II. The Reliability Principles
[5] The onus is on the Crown to prove, on the balance of probabilities, that the statements it seeks to have admitted carry sufficient threshold reliability to warrant being considered as evidence on the ultimate issue of Mr. Brammal's guilt or innocence. There are two "functional" ways in which the Crown can discharge this burden. It can show that "[1] there is a sufficient basis for testing the evidence or [2] the contents of the statement are sufficiently trustworthy": R. v. Khelawon, 2006 SCC 57, [2006] 2 S.C.R. 787 at para 105.
[6] The first line of inquiry examines whether the circumstances in which a statement is made provide the trier-of-fact with a reasonable basis for testing its reliability. This basis for admission does not inquire "into the likely truth of the statement," per se, but asks whether "the trier of fact has a sufficient basis to assess the statements truth or accuracy": R. v. Khelawon, supra at para 92.

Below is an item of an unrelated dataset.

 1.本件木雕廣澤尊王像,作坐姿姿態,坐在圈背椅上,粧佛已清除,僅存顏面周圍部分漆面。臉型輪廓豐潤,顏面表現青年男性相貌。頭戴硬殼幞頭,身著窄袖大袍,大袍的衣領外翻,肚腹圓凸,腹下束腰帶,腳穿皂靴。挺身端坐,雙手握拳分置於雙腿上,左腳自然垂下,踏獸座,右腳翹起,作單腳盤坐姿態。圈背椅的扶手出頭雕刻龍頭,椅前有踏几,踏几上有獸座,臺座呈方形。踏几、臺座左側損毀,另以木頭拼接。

[7] Essentially, trial judges considering this branch of the rule examine whether the hearsay statement is made in circumstances that are sufficiently similar to in-court testimony to enable the factual claims to be evaluated in a fashion similar to the evaluation of in-court testimony. Factors naturally include whether the statement was made solemnly under oath or after the equivalent of an oath; whether the declarant was under a legal obligation to speak truthfully, and was aware of that legal obligation; whether the statement was transcribed to ensure the accuracy of the record; whether it was videotaped to enable the declarant's demeanour to be assessed, and whether the declarant has been or can be cross-examined meaningfully about the facts the statement claims: R. v. Khelawon, supra at para 63, paras 73-81; 88-92; R. v. Dupe, 2016 ONCA 653 at para 45. As can be seen, these factors have to do primarily with the procedures used in securing the statement, rather than with context specific indications that the contents of the statement are accurate. I therefore find it helpful to refer to these kinds of factors as "process based indicia of reliability."

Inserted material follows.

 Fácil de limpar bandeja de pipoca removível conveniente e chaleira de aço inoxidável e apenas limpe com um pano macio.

[8] "The second line of inquiry [whether the contents of the statement are sufficiently trustworthy] looks to determine whether the circumstances in which the hearsay statement was made provide sufficient comfort of its truth to justify its consideration by the trier of fact despite the absence of contemporaneous cross-examination of the declarant": R. v. Dupe, supra at para 46. Since the inquiry is into factors that give comfort relating to the truth of the statement, the "circumstances in which the hearsay statement was made" refer to circumstantial indicators that the contents of the statement are accurate.
[9] Essentially, the search is for circumstantial indications that the statement is true or accurate that are compelling enough to conclude that the statement "commands sufficient trust in its truth and accuracy to warrant admission regardless" of the inability to cross-examine the declarant: R. v. Couture, 2007 SCC 28, [2007] 2 S.C.R. 517 at para 99. When there are sufficient "indicia of reliability" to provide sufficient comfort as to the truth or accuracy of the statement, it may be admitted: R. v. Khelawon, supra at para 67. Since the inquiry is into the quality of the content of the statement, I refer to these as "content based indicia of reliability."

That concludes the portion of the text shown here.